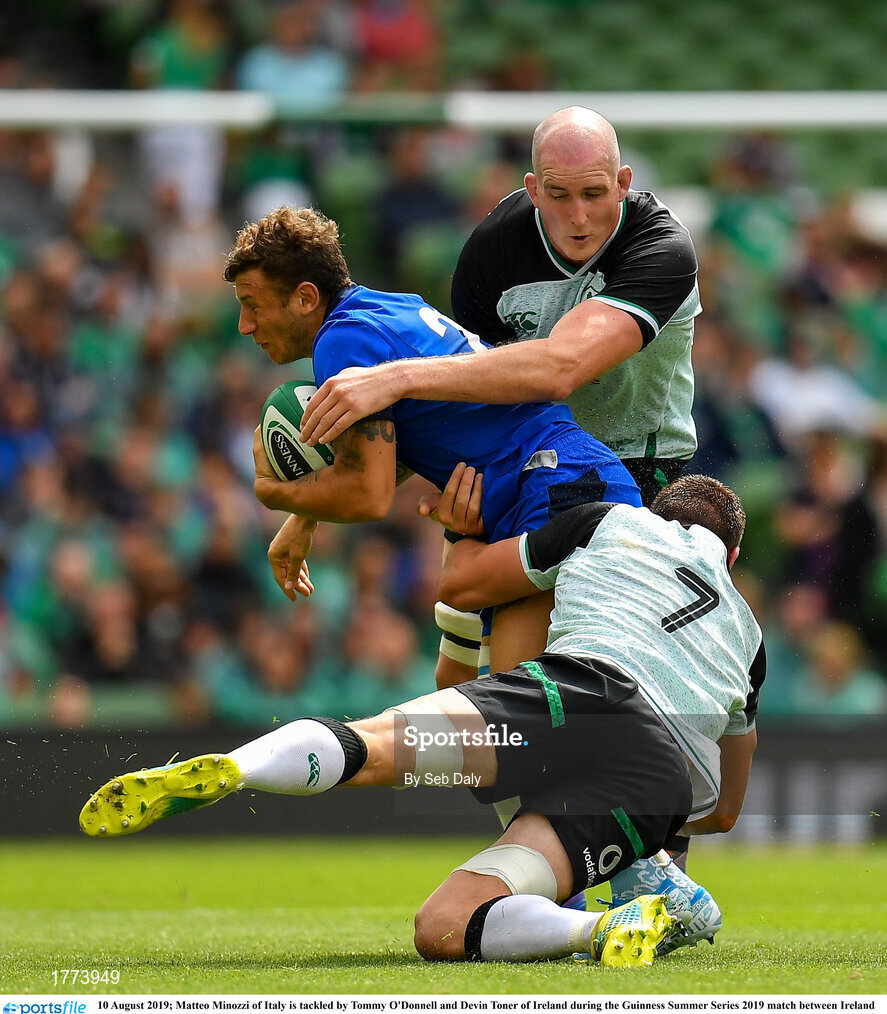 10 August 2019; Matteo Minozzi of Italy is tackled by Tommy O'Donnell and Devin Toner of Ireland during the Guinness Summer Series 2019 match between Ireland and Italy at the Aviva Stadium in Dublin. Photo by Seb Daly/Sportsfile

...

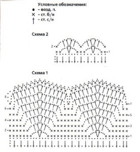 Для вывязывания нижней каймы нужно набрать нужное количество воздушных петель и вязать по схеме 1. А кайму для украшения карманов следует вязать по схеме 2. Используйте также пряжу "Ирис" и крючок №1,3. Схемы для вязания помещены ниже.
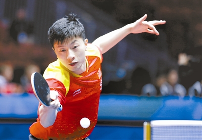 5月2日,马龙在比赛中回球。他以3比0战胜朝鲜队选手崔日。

- How to complete this task -
Everything above from the line with "Для вывязывания нижней" through the line with "5月2日,马龙在比赛中回球。他以3比0战胜朝鲜队选手崔日。" should be retyped exactly, and nothing else; omit pictures.

- Answer box -
 Для вывязывания нижней каймы нужно набрать нужное количество воздушных петель и вязать по схеме 1. А кайму для украшения карманов следует вязать по схеме 2. Используйте также пряжу "Ирис" и крючок №1,3. Схемы для вязания помещены ниже.
 5月2日,马龙在比赛中回球。他以3比0战胜朝鲜队选手崔日。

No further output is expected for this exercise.